Task directions>
Please set down only the lines below starting with the line with "I am embarrased" and going on through the line with "खगड़िया/ कौशी एक्सप्रेस/आज", verbatim and without pictures.

Raw data>
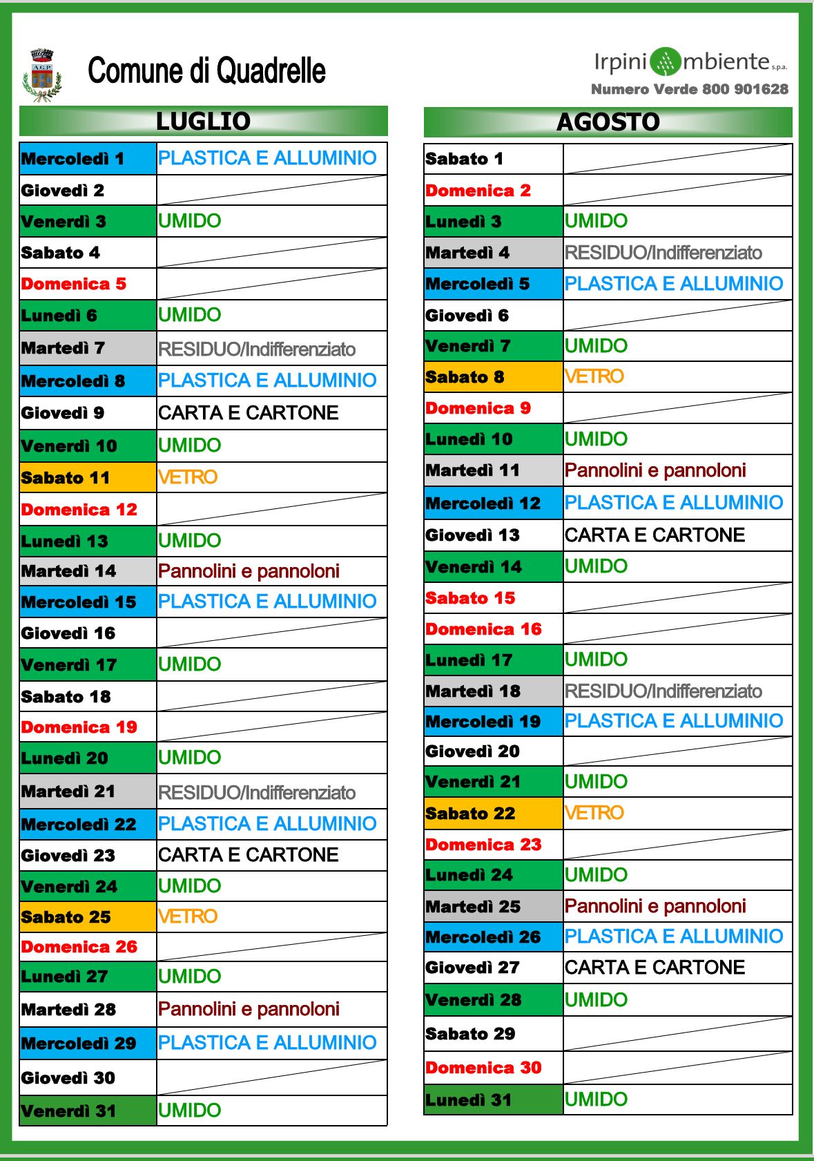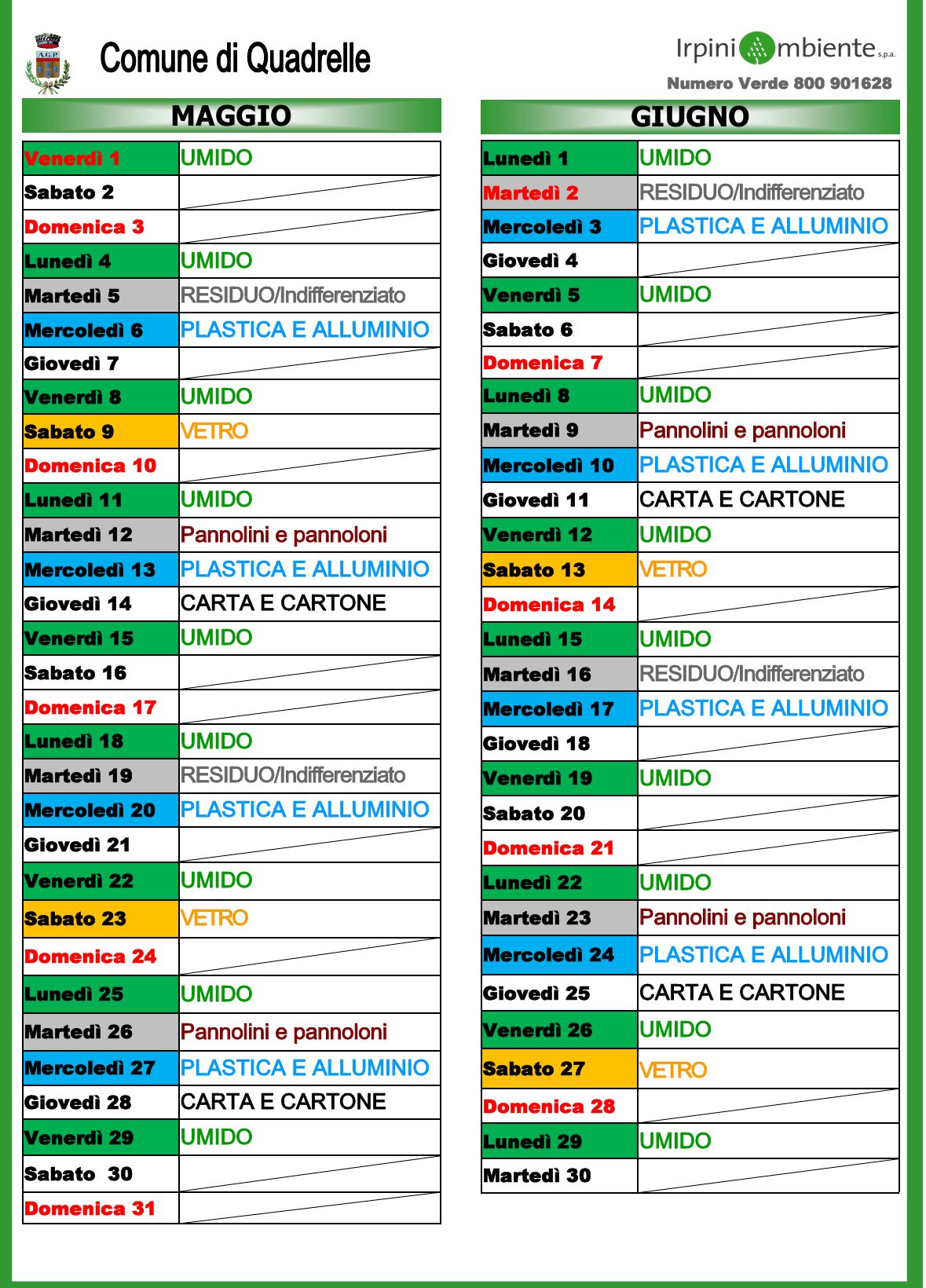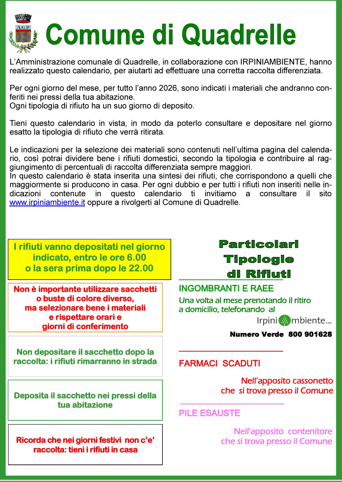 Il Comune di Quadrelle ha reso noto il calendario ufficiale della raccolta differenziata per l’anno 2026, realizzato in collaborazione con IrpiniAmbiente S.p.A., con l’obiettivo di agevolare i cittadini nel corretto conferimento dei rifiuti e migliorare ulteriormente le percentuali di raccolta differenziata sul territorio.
--
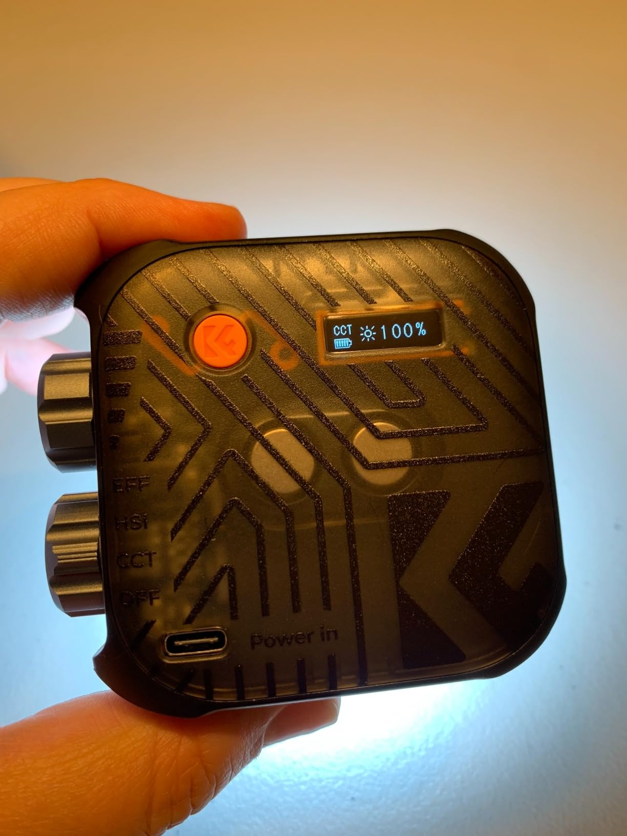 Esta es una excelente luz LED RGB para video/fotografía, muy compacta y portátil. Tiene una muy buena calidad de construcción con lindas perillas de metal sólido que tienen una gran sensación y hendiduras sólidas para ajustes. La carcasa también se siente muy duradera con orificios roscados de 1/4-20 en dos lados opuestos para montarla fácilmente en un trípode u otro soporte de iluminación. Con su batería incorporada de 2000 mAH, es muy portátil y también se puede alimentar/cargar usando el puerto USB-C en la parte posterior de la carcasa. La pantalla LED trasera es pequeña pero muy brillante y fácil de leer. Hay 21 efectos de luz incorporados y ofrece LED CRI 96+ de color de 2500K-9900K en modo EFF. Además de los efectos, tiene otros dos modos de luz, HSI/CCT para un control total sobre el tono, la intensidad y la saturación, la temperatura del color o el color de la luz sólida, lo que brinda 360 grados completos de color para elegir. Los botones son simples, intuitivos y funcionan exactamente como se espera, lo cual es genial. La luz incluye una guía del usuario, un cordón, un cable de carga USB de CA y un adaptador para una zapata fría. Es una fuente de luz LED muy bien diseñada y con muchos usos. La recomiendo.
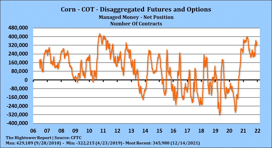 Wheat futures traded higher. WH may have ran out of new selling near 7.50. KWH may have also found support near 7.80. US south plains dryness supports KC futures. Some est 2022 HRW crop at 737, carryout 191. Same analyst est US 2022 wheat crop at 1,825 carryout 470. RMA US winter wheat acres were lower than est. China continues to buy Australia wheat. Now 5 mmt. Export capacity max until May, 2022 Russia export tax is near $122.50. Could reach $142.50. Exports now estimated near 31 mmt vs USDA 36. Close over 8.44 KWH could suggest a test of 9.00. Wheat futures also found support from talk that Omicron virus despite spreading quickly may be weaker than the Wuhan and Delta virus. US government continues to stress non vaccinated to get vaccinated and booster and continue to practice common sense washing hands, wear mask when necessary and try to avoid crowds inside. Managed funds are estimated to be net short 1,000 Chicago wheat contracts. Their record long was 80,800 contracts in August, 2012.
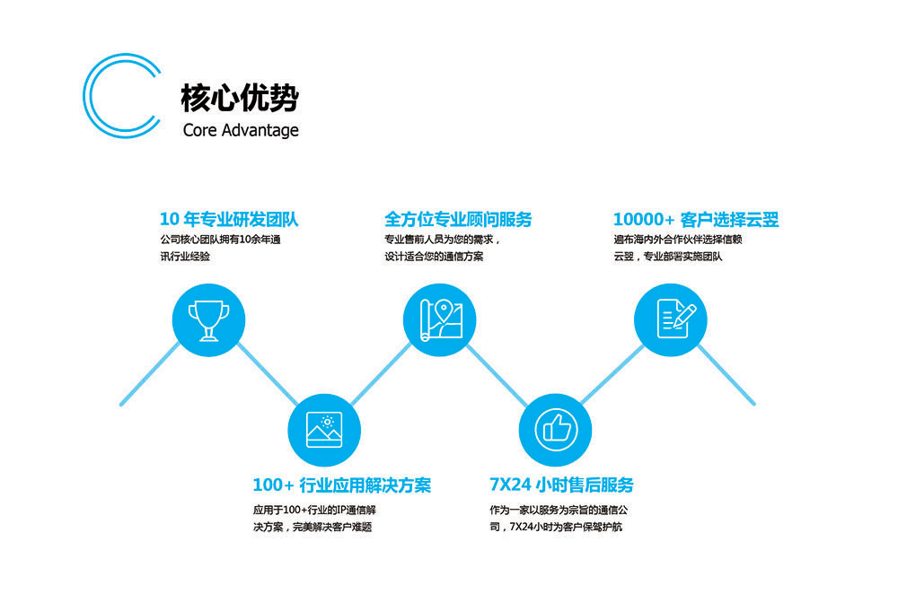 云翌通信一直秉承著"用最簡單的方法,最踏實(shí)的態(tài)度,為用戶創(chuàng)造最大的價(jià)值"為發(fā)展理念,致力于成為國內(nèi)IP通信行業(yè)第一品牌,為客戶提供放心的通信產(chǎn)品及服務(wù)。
==
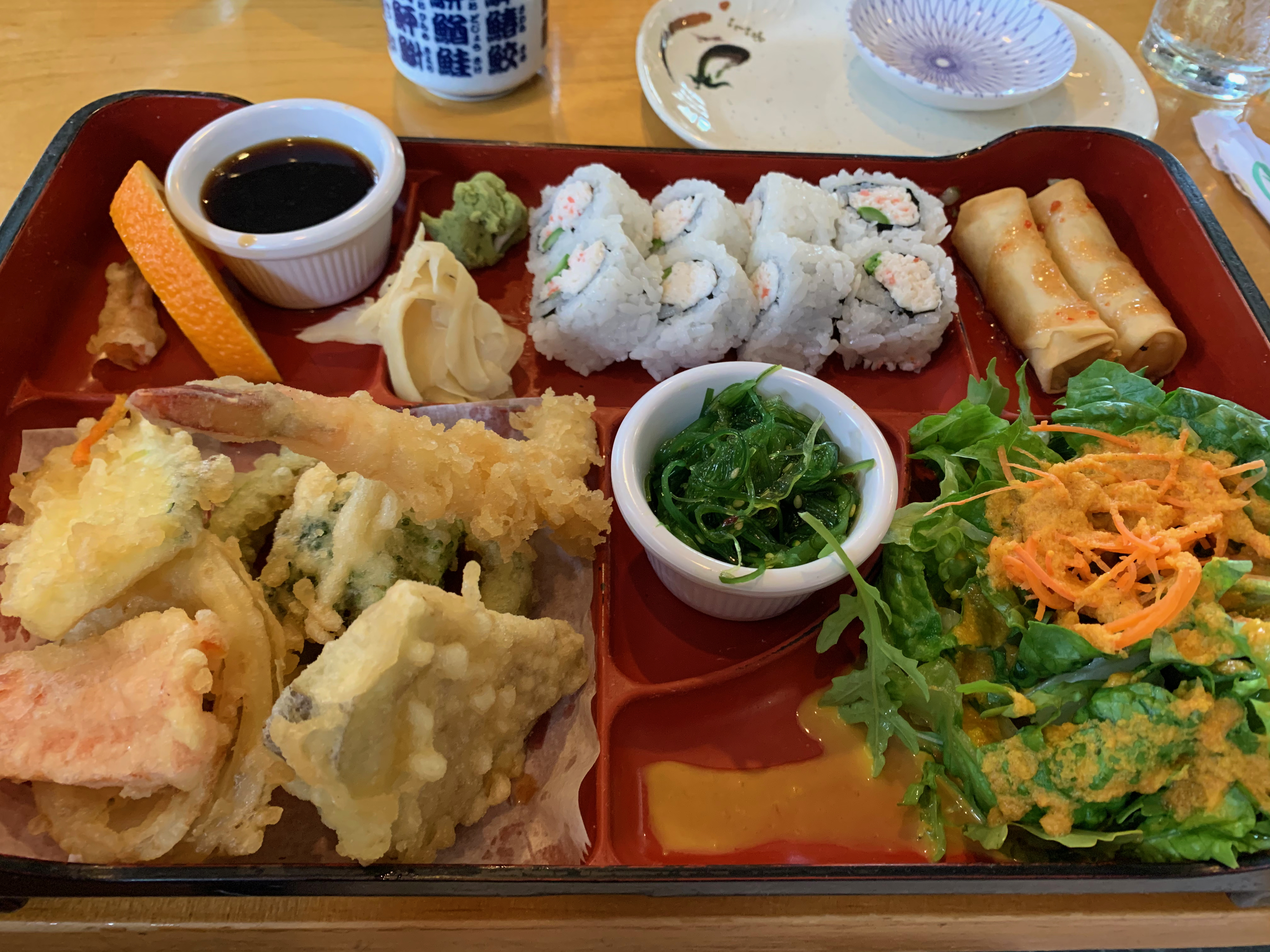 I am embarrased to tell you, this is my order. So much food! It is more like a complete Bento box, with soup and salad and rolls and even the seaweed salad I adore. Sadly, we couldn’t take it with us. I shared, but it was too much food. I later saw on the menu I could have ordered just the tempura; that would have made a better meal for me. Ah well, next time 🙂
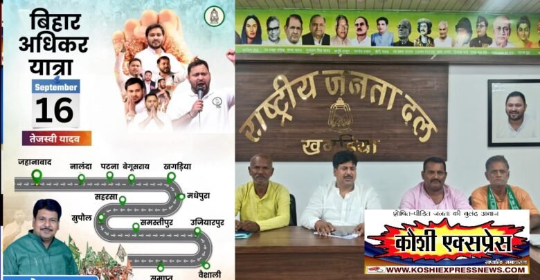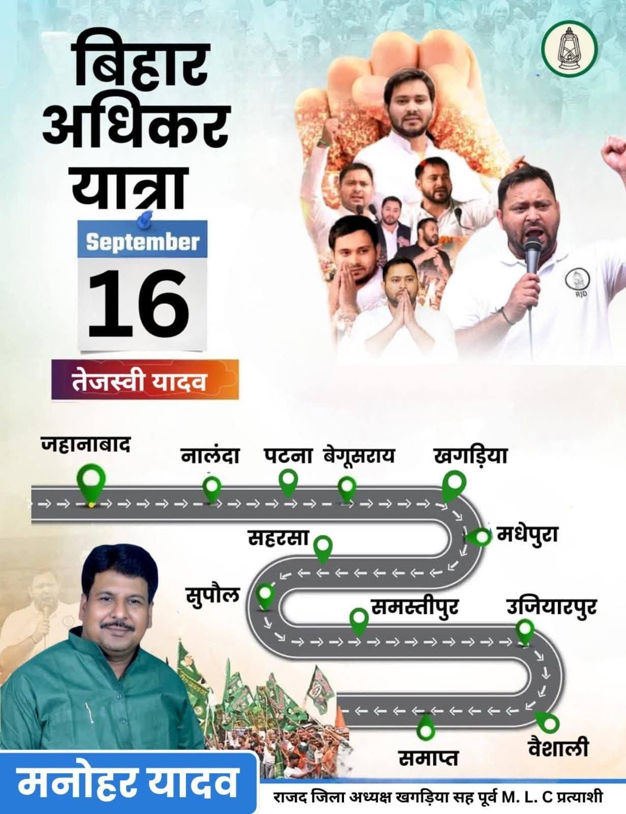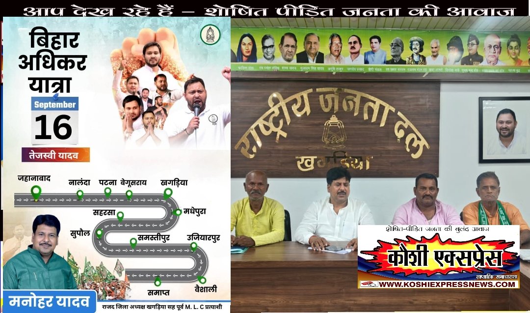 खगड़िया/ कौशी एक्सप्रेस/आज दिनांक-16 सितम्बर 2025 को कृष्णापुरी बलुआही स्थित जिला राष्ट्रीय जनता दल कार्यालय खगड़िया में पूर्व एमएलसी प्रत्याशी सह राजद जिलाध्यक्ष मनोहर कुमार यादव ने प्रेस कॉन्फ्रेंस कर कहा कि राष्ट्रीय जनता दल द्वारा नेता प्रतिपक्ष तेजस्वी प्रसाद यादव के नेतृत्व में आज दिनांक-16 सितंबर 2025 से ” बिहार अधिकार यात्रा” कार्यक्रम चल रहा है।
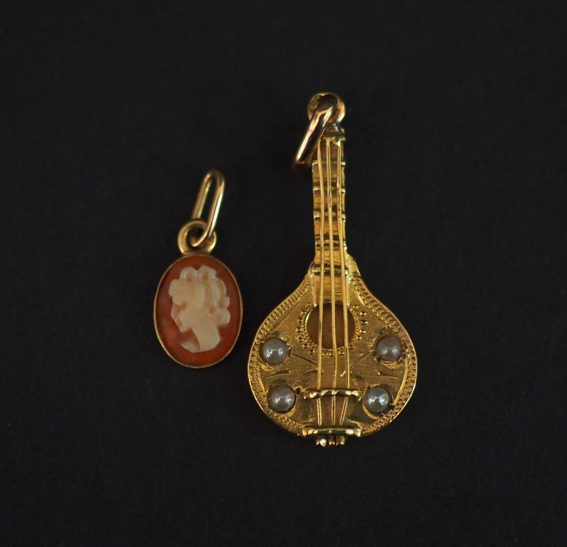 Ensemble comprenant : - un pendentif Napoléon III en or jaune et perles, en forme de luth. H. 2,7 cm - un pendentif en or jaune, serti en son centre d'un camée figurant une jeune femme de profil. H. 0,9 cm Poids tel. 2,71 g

Response area>
 I am embarrased to tell you, this is my order. So much food! It is more like a complete Bento box, with soup and salad and rolls and even the seaweed salad I adore. Sadly, we couldn’t take it with us. I shared, but it was too much food. I later saw on the menu I could have ordered just the tempura; that would have made a better meal for me. Ah well, next time 🙂
 खगड़िया/ कौशी एक्सप्रेस/आज दिनांक-16 सितम्बर 2025 को कृष्णापुरी बलुआही स्थित जिला राष्ट्रीय जनता दल कार्यालय खगड़िया में पूर्व एमएलसी प्रत्याशी सह राजद जिलाध्यक्ष मनोहर कुमार यादव ने प्रेस कॉन्फ्रेंस कर कहा कि राष्ट्रीय जनता दल द्वारा नेता प्रतिपक्ष तेजस्वी प्रसाद यादव के नेतृत्व में आज दिनांक-16 सितंबर 2025 से ” बिहार अधिकार यात्रा” कार्यक्रम चल रहा है।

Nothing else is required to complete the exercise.